(Beginning of Data extract)

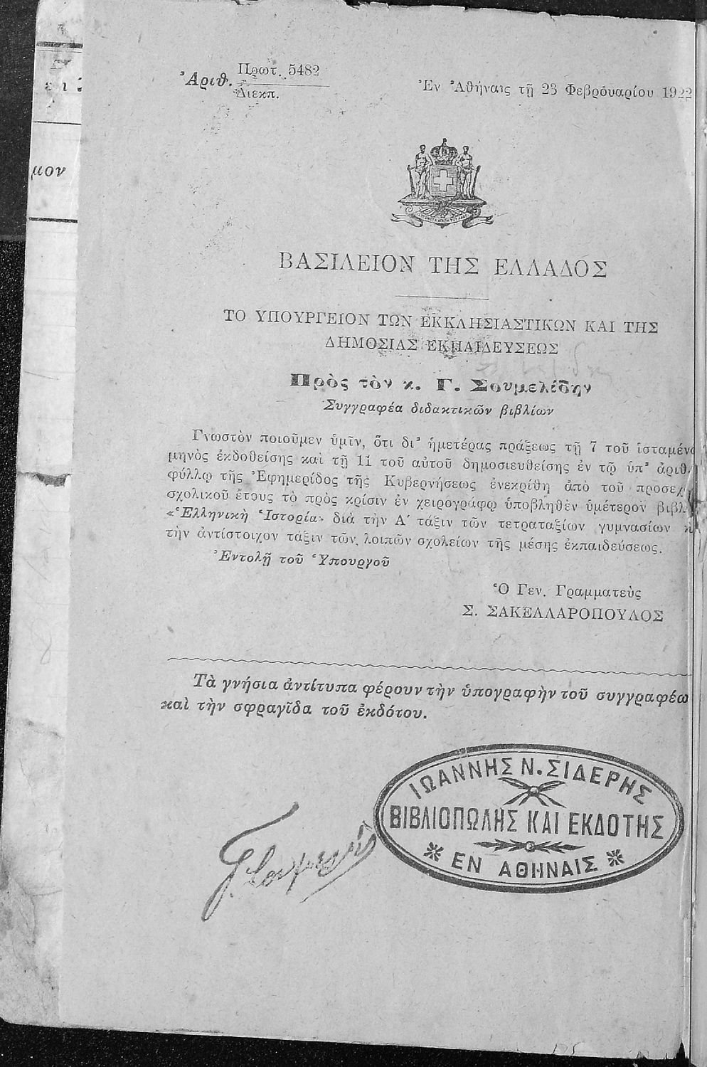 Υπουργική απόφαση / Σύμβαση: 5482/23-2-1922
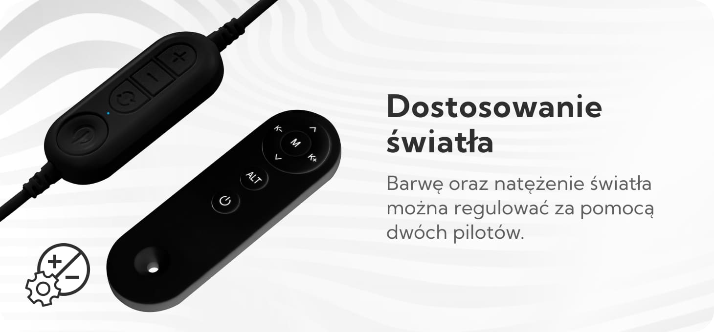 Statyw można w łatwy sposób regulować w zakresie 155-195 cm przy pomocy blokującej śruby umieszczonej na ramieniu. Umożliwia to precyzyjne dopasowanie pozycji głowicy do indywidualnych potrzeb użytkownika oraz różnych typów foteli kosmetycznych, leżanek i stołów zabiegowych, zapewniając optymalne oświetlenie miejsca pracy. Barwę i natężenie światła można regulować za pomocą dwóch pilotów – jeden, umieszczony tuż przy lampie, jest zawsze pod ręką, a drugi umożliwia zdalne sterowanie ustawieniami. Dodatkowo, dzięki wbudowanemu magnesowi, można go wygodnie przymocować w wybranym miejscu.
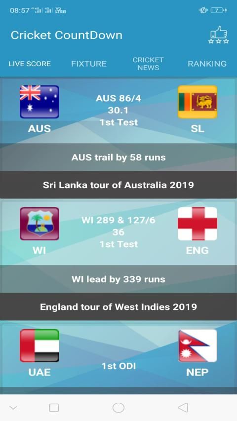क्रिकेट काउंटडाउन में आप पाते हैं
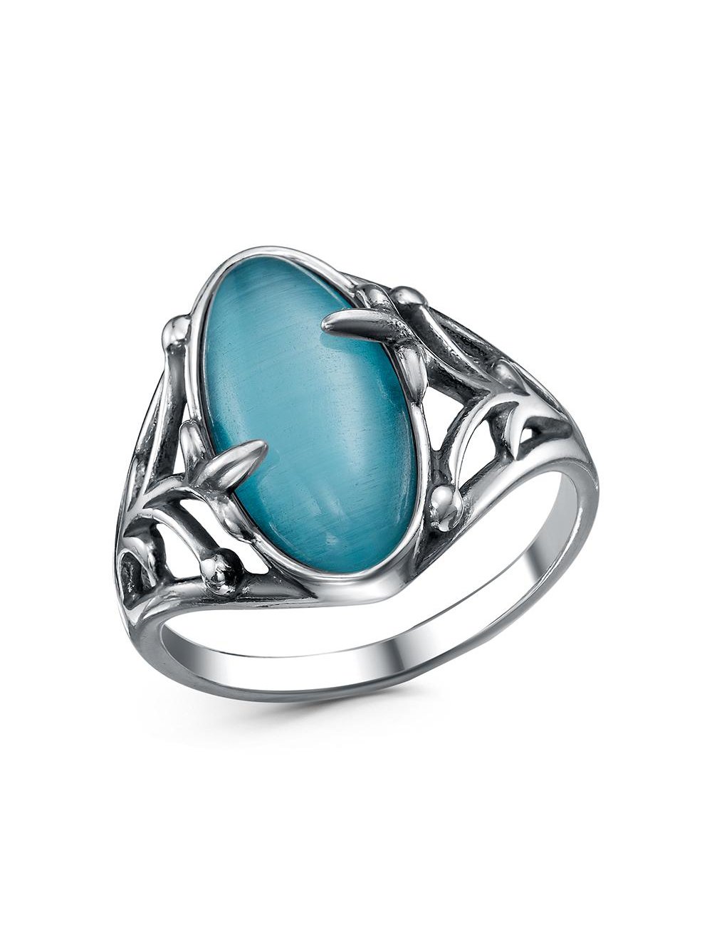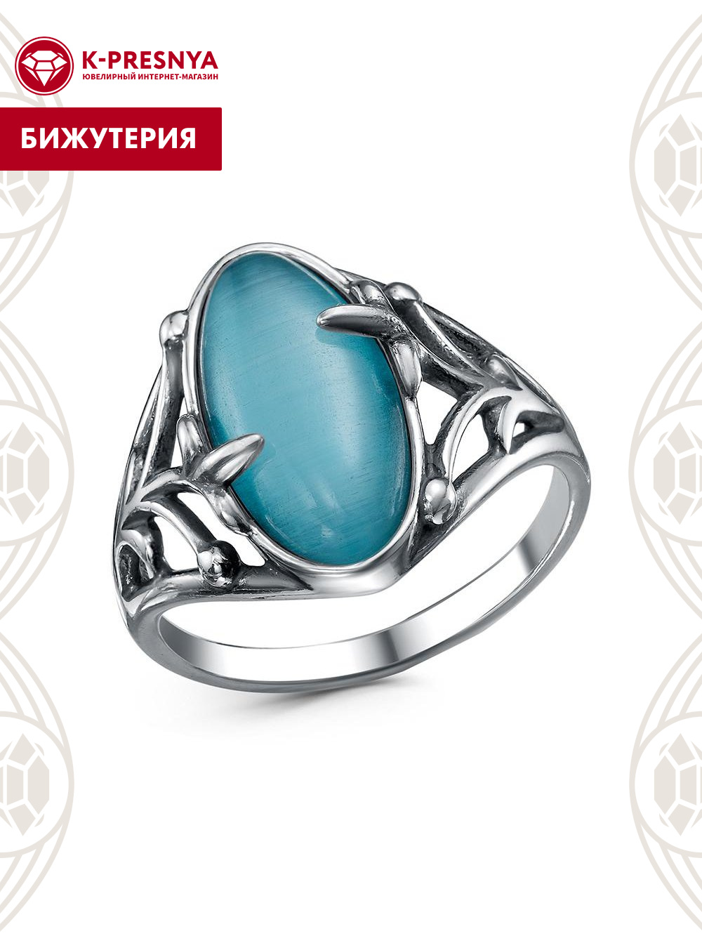 Кольцо бижутерия, покрытие - серебрение с оксидированием, вставка - искусственный кошачий глаз

(End of Data extract)

About this task:
Word for word, restate the lines from the line containing "Statyw można w" through the end of the data, including the first and last of them. Pictures stay out.

Response:
 Statyw można w łatwy sposób regulować w zakresie 155-195 cm przy pomocy blokującej śruby umieszczonej na ramieniu. Umożliwia to precyzyjne dopasowanie pozycji głowicy do indywidualnych potrzeb użytkownika oraz różnych typów foteli kosmetycznych, leżanek i stołów zabiegowych, zapewniając optymalne oświetlenie miejsca pracy. Barwę i natężenie światła można regulować za pomocą dwóch pilotów – jeden, umieszczony tuż przy lampie, jest zawsze pod ręką, a drugi umożliwia zdalne sterowanie ustawieniami. Dodatkowo, dzięki wbudowanemu magnesowi, można go wygodnie przymocować w wybranym miejscu.
क्रिकेट काउंटडाउन में आप पाते हैं
 Кольцо бижутерия, покрытие - серебрение с оксидированием, вставка - искусственный кошачий глаз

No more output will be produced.